The Jewish Community of Thessaloniki (JCT) condemned the vandalism in Drama of the Monument for Jewish Victims of the Holocaust and of the tobacco storage building where victims were brought before their deportation and murder.

“What took place overnight between December 28 and 29, 2020,” it said in a statement, “is a cruel insult to the memory of 1,200 Jews who were annihilated in the Treblinka concentration camp, and to those few survivors who returned to their birthplace after World War II.”

The JCT asked for the immediate investigation and arrest of the perpetrators and the restoration of damages, as a gesture of respect to a community with a long history, saying that the vandalism of these sites “hurts the entire society.”

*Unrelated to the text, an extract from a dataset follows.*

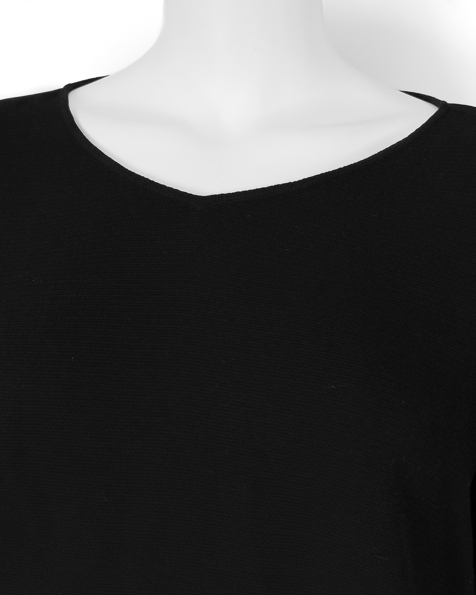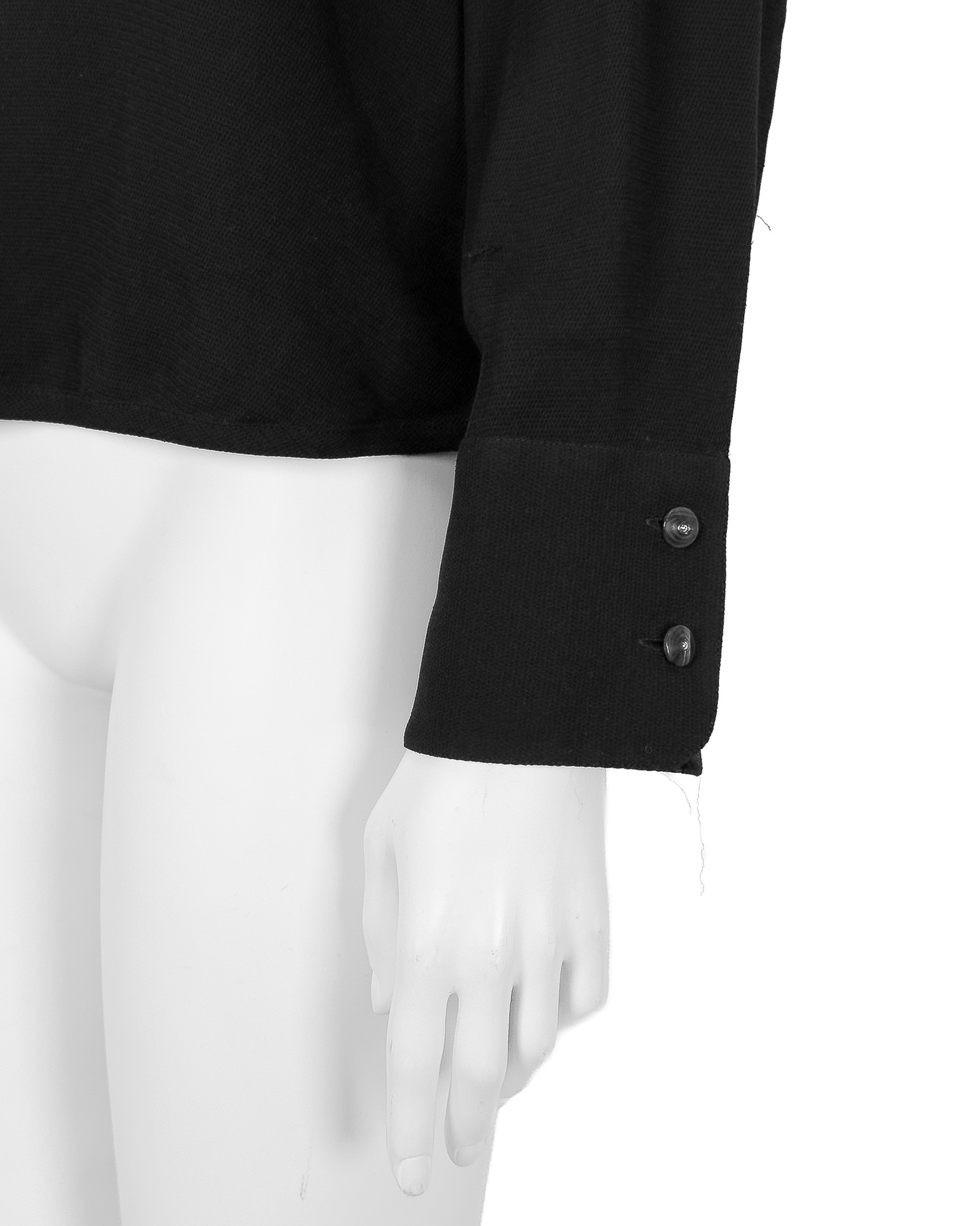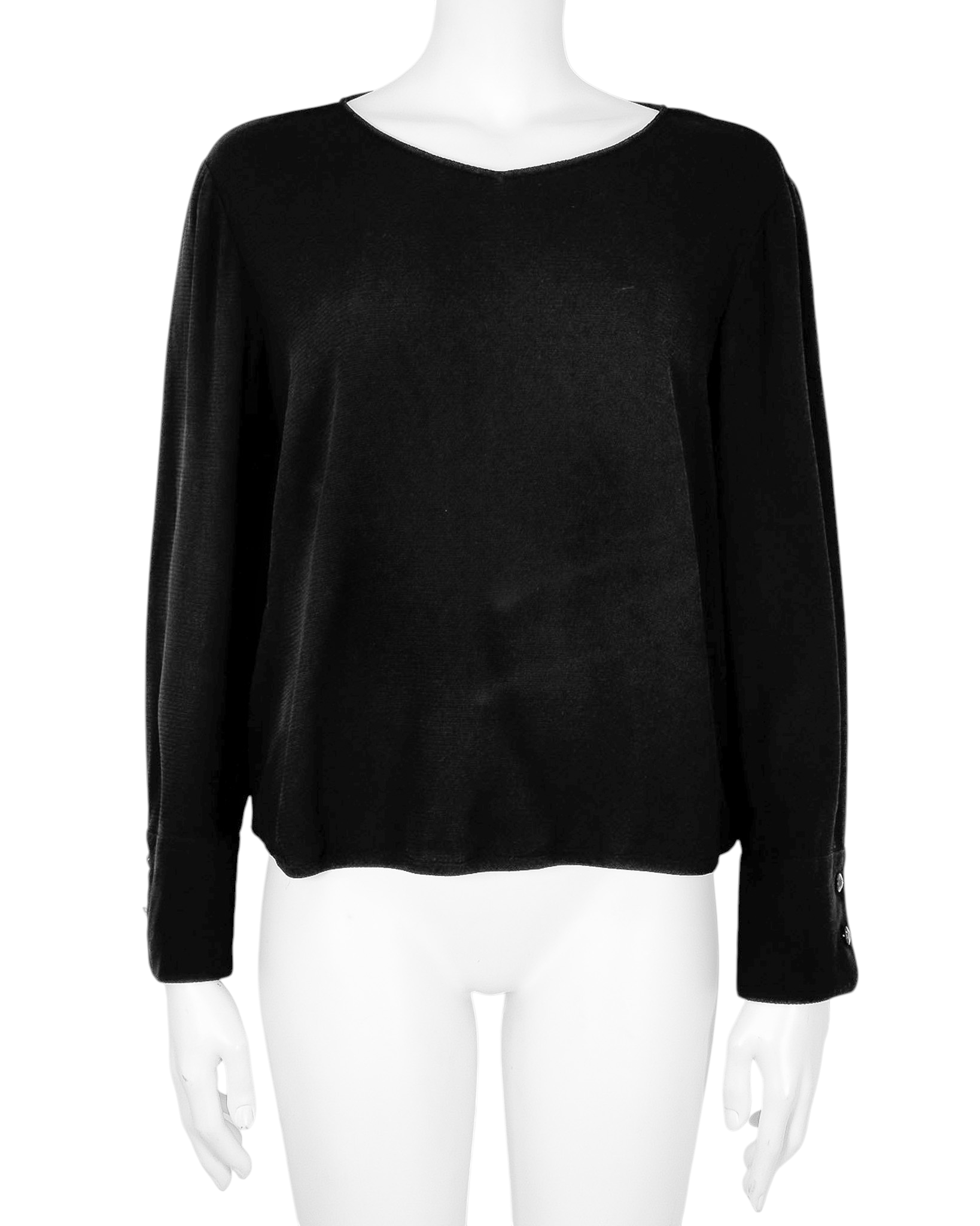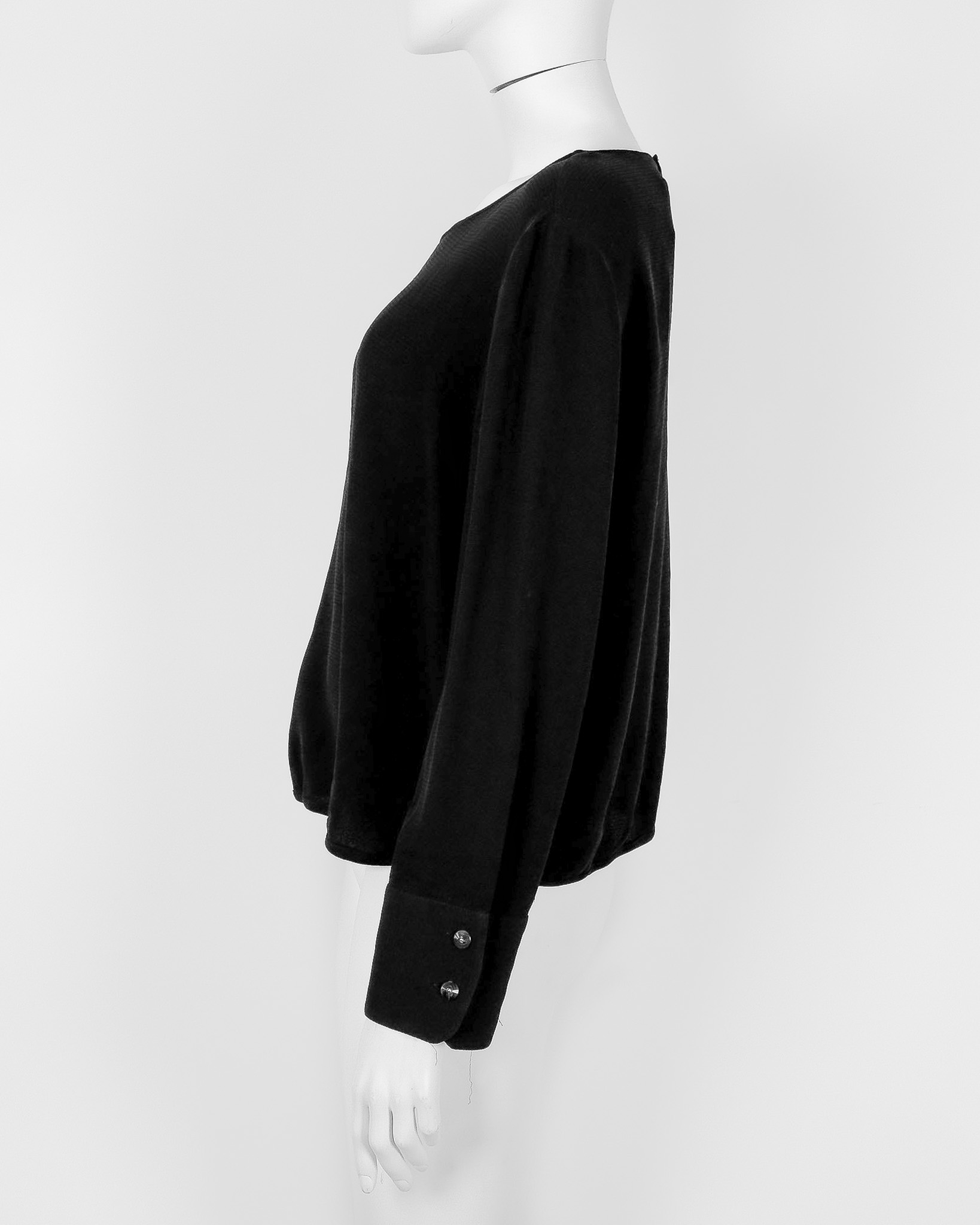 "Czarna bluzka z długim rękawem, prosty krój, rozpinane mankiety ozdobione granatowymi guzikami, zapinana na jeden guzik na plecach, zaokrąglony dekolt, wykończona delikatną gumą w dolnej części. Stan dobry, posiada małe zaciągnięcia na materiale. Rozmiar z metki IT 46. Brak metki ze składem. Wymiary: szerokość mierzona od pachy do pachy 55cm, długość całkowita 56cm."

Damage includes spray-painting on the monument, the breaking off of a stone section, and graffiti on the tobacco storage space where the city’s Jewish population was arrested in 1943 by German-Bulgarian occupying forces before deportation to the concentration camps.

JCT also noted the incident is part of a chain of vandalism at several Jewish cemeteries and monuments in 2020: Athens (October 5), Thessaloniki (October 10), Rhodes (Ocober 11), and Larissa (December 3).

A similar condemnation was also issued by the Central Board of Jewish Communities in Greece, which asked the police directorate of the northeastern Greek city in Macedonia to arrest the perpetrators and restore damages.

In a statement later on Wednesday, the Greek Foreign Affairs Ministry condemned the vandalism, calling the defacements “abhorrent acts that insult the memory of the victims of the Nazi atrocities and Greek culture.”

“We reiterate the importance of discrediting racism, hate and fanaticism, and the need to protect our ethical values,” it added in its message.